##### Provided material

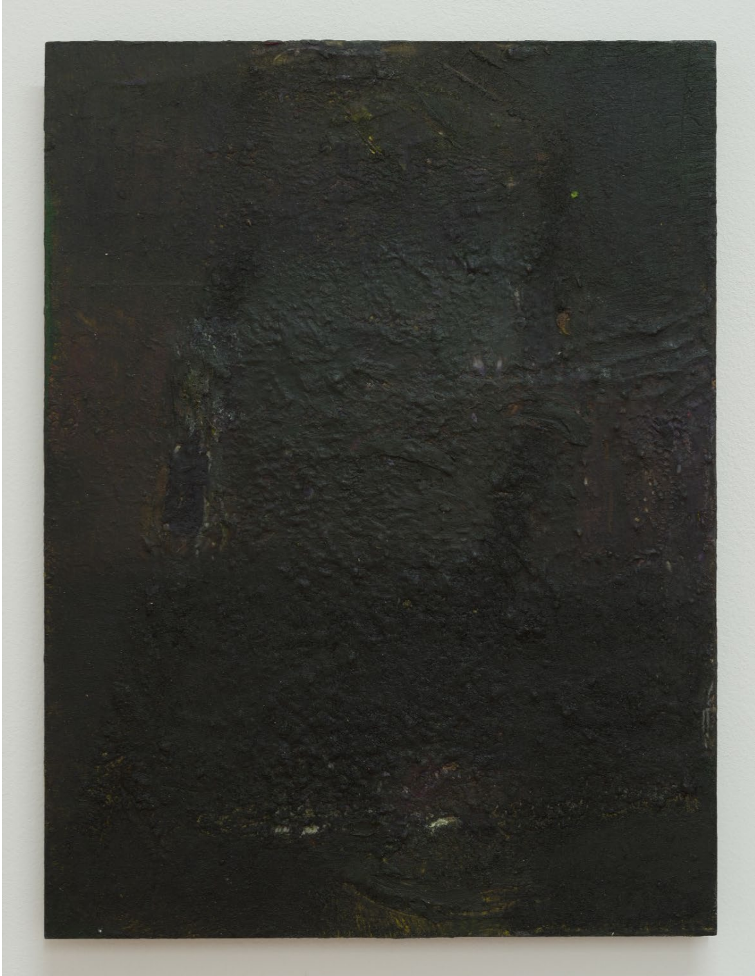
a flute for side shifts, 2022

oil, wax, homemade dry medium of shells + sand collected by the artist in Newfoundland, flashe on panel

##########
##### Provided material

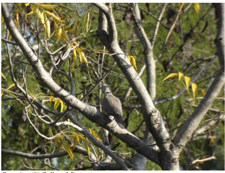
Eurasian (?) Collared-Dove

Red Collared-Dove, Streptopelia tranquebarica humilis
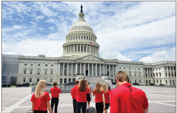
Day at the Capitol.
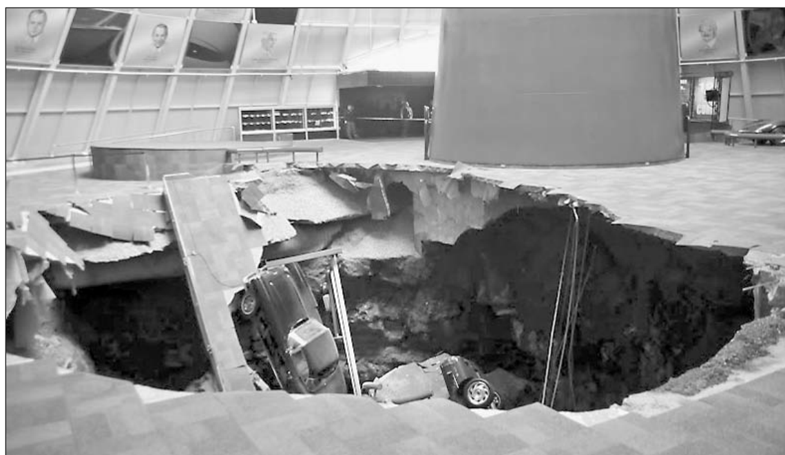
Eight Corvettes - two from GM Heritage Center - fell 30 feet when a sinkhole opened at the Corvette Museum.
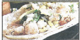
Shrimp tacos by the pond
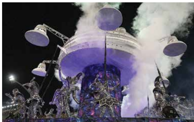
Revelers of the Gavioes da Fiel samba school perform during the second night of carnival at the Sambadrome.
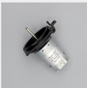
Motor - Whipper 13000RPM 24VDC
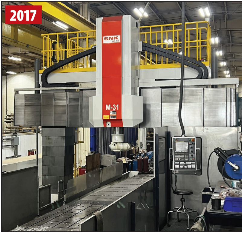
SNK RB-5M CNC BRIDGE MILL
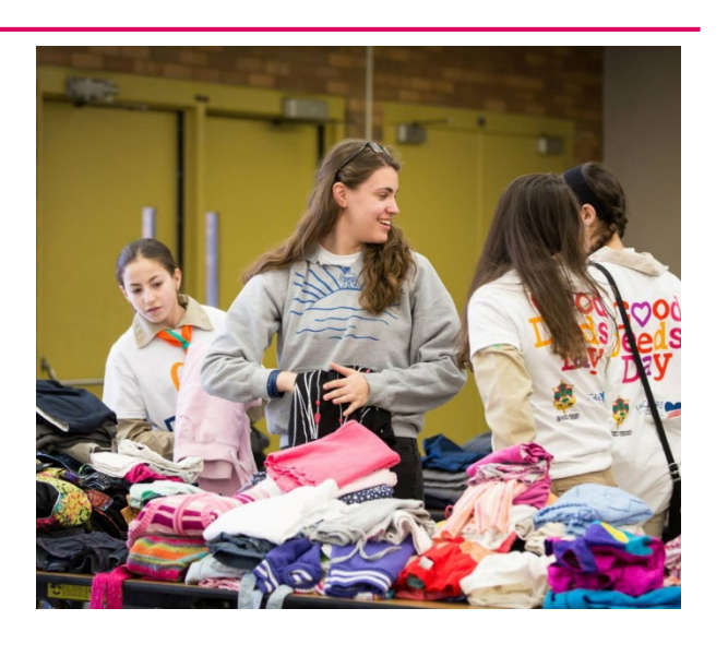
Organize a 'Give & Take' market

##########
##### Provided material

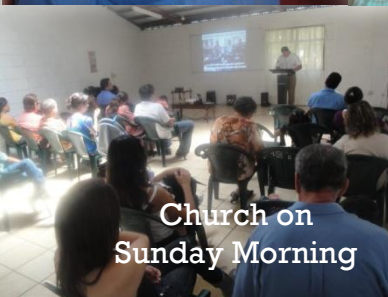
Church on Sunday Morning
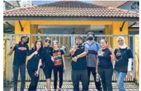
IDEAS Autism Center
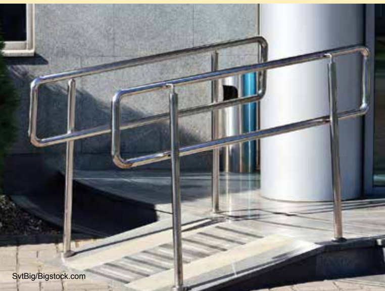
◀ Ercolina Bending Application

##########

■ **Your instructions**
Copy out every line of the listing that includes the string "Collared".

■ **Written reply**
Eurasian (?) Collared-Dove
Red Collared-Dove, Streptopelia tranquebarica humilis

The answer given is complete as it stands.